Statistical Analysis Options (1 Contributor)—Displays selected genotype frequency calculation options available for use in Random Match Probability (RMP) statistical analysis of 1-contributor samples. These options may also reflect excluded markers such as the Amelogenin (AMEL) marker which are not used in statistical analyses (RMP, CPI/CPE, LR). Certain marker-specific genotype frequency calculation options may also be made available, based on allele number, for example: One allele: May use Alleles (Default), Use 2p, Inconclusive Two alleles: May use Alleles (Default), Inconclusive Three alleles: May use Min Genotype Freq (Default), Inconclusive Where: Use Alleles=Calculate the genotype frequency from the allele frequencies (use heterozygous equation [2pq] or homozygous equation [p2+p(1−p) Θ]) Use 2p=Calculate the genotype frequency from the allele frequency assuming possible allelic drop-out (use conservative frequency equation [2p]) Inconclusive=Does not calculate a genotype frequency for the marker (may consider marker as uninformative) Min Genotype Freq=Calculate the genotype frequency from the minimum genotype frequency for a tri-allelic marker (use 3/n, where n=number of samples for each marker in the ethnic population as specified in the selected population database)

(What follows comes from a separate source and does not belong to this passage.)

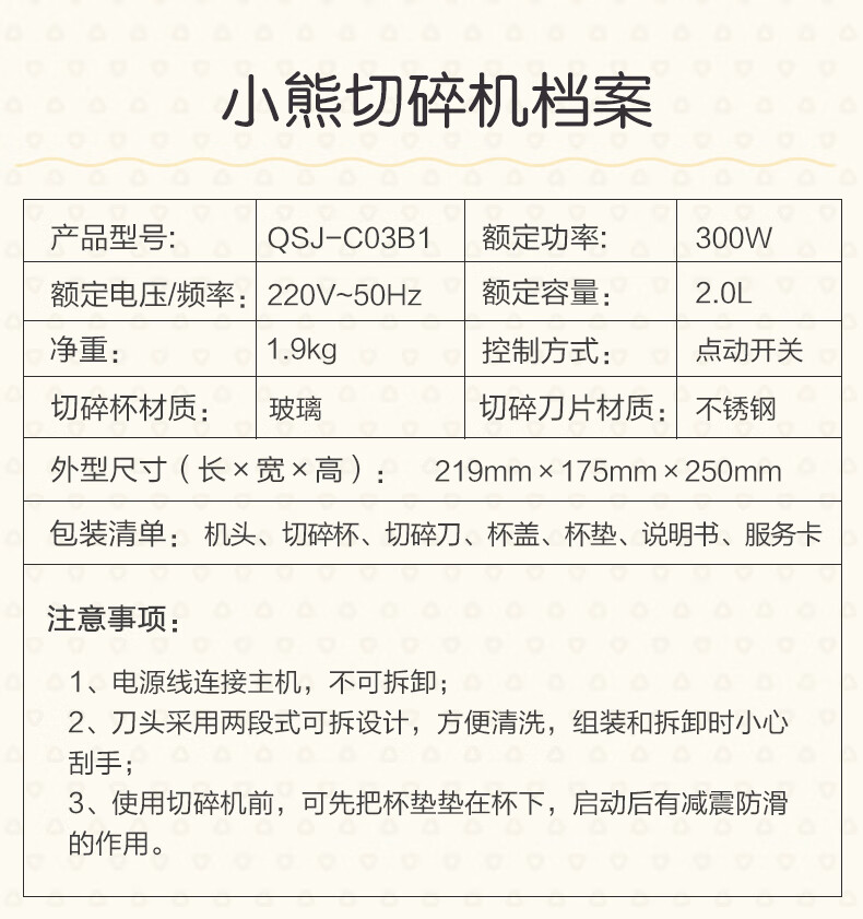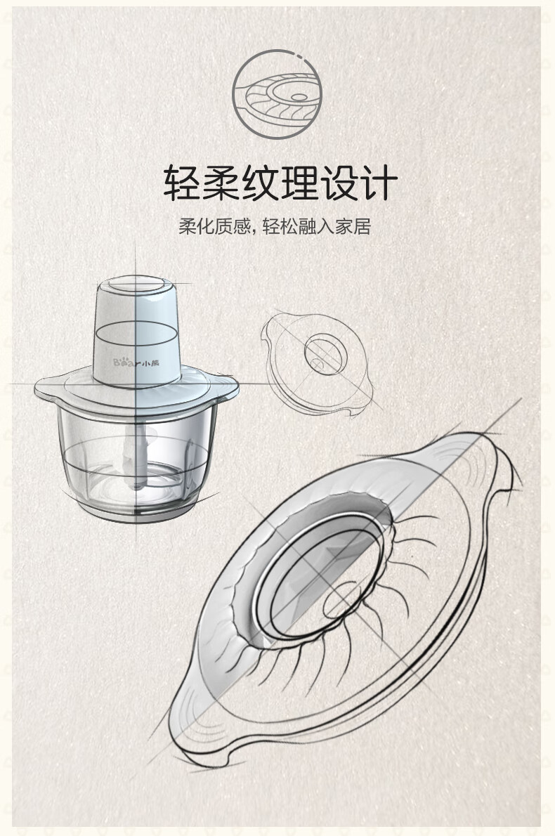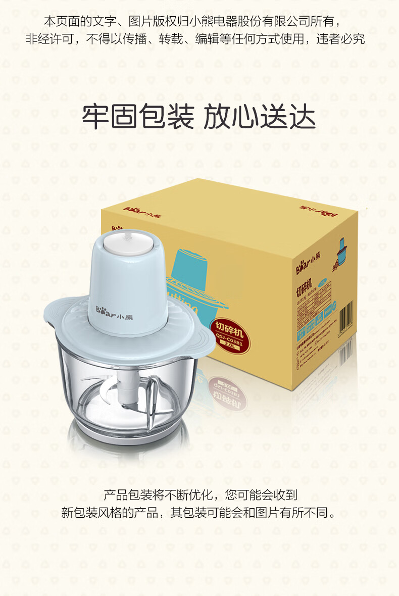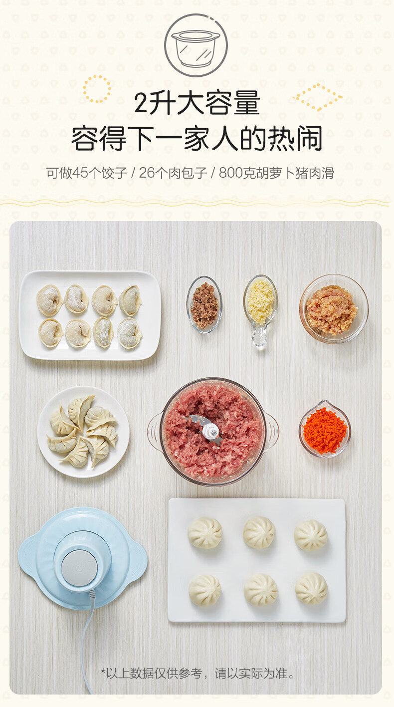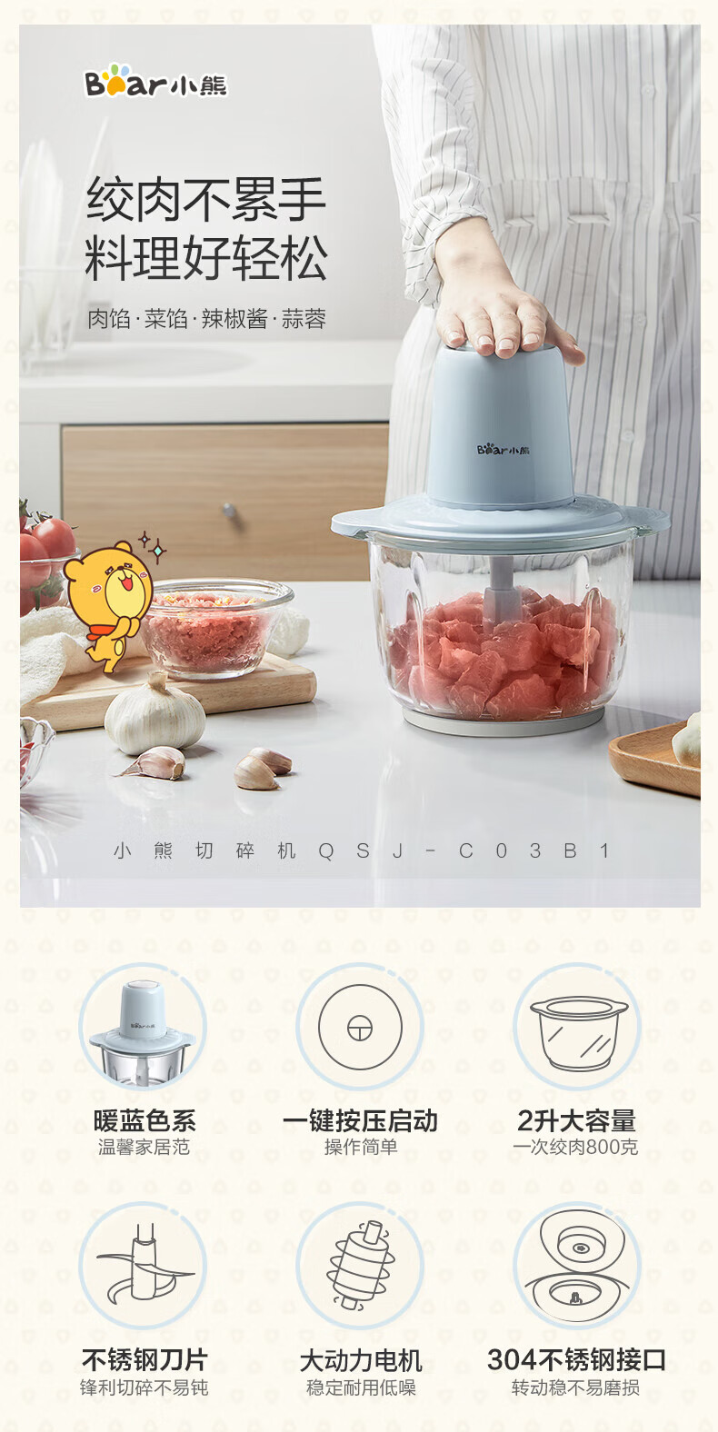 小熊(Bear)2升绞肉机 家用电动玻璃多能料理机绞馅机碎肉打肉机切菜搅拌机QSJ-C03B1[蓝色]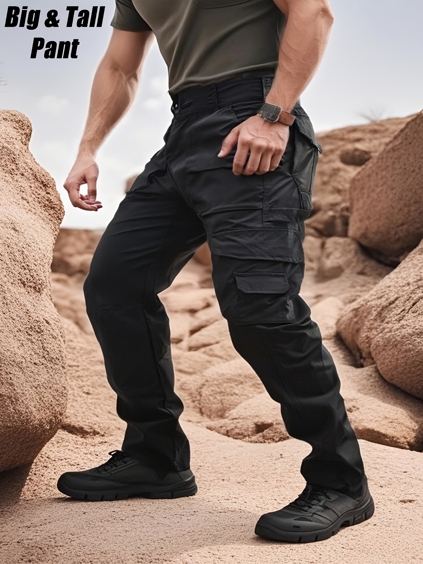 Pantalon cargo robuste grande taille pour homme – multi-poches avec système MOLLE, passants de ceinture et poches zippées, coupe droite, idéal outdoor, randonnée, chasse et camping

Theta—A correction factor applied to the homozygous genotype frequency calculation that compensates for possible population substructure that may lead to an underestimate of the genotype frequency for the marker.
Input data utilized during mixture analysis may comprise project data obtained from another software module or application with the data input comprising partially analyzed, annotated, and/or edited genotype sample data, where multiple samples may be flagged for analysis. In various embodiments, the data flow takes into account both workflow and algorithmic needs. Data may be derived from an initial data input phase (for example retrieved from another module of the GeneMapper® ID-X software application) and passed through a set of processes to finally arrive at one or more statistical representations of the genotype profile extracted from the mixture.
In step 215, sample data which will be used in the mixture analysis is identified. In certain aspects, during this step 215 non-mixture data is identified. Such data may be segregated, removed, and/or flagged such that the software recognizes this data as not being part of the data set for which mixture analysis and contributor determination will be made. This non-mixture data may however be used later for purposes of quality assessment and other analyses. According to Step 215 pre-processing or conditioning operations related to the data filtered may include allelic ladder data or off ladder data. Off ladder data or peaks may comprise raw electropherogram data that does not map into specific allelic size positions from the electropherogram data using an allelic ladder and in various embodiments such data may be used to calibrate the instrument.
According to various embodiments of the present teachings, those off ladder peaks that do not fit a specific allele size may be flagged and not utilized in the mixture analysis. Samples containing such data may also be rejected due to complexities generally accepted as problematic for such an automated analysis. After samples with off ladder data are removed (if desired); a definition of the input data may be made. Such input data may comprise; a set of data collections or electropherogram results, one per marker (e.g. loci) from the DNA analysis, where each data collection may further comprise identifiers for allele positions and peak values derived from the electropherograms. In various embodiments, peak values may be obtained by measuring or calculating the maximum signal at the peak center (e.g. peak height) or measuring or calculating the peak intensity by way of computing the area under the peaks' electropherographic curve data. For additional details regarding data analysis relating to capillary electrophoresis and electropherogram peak information the reader is referred to the various references cited herein.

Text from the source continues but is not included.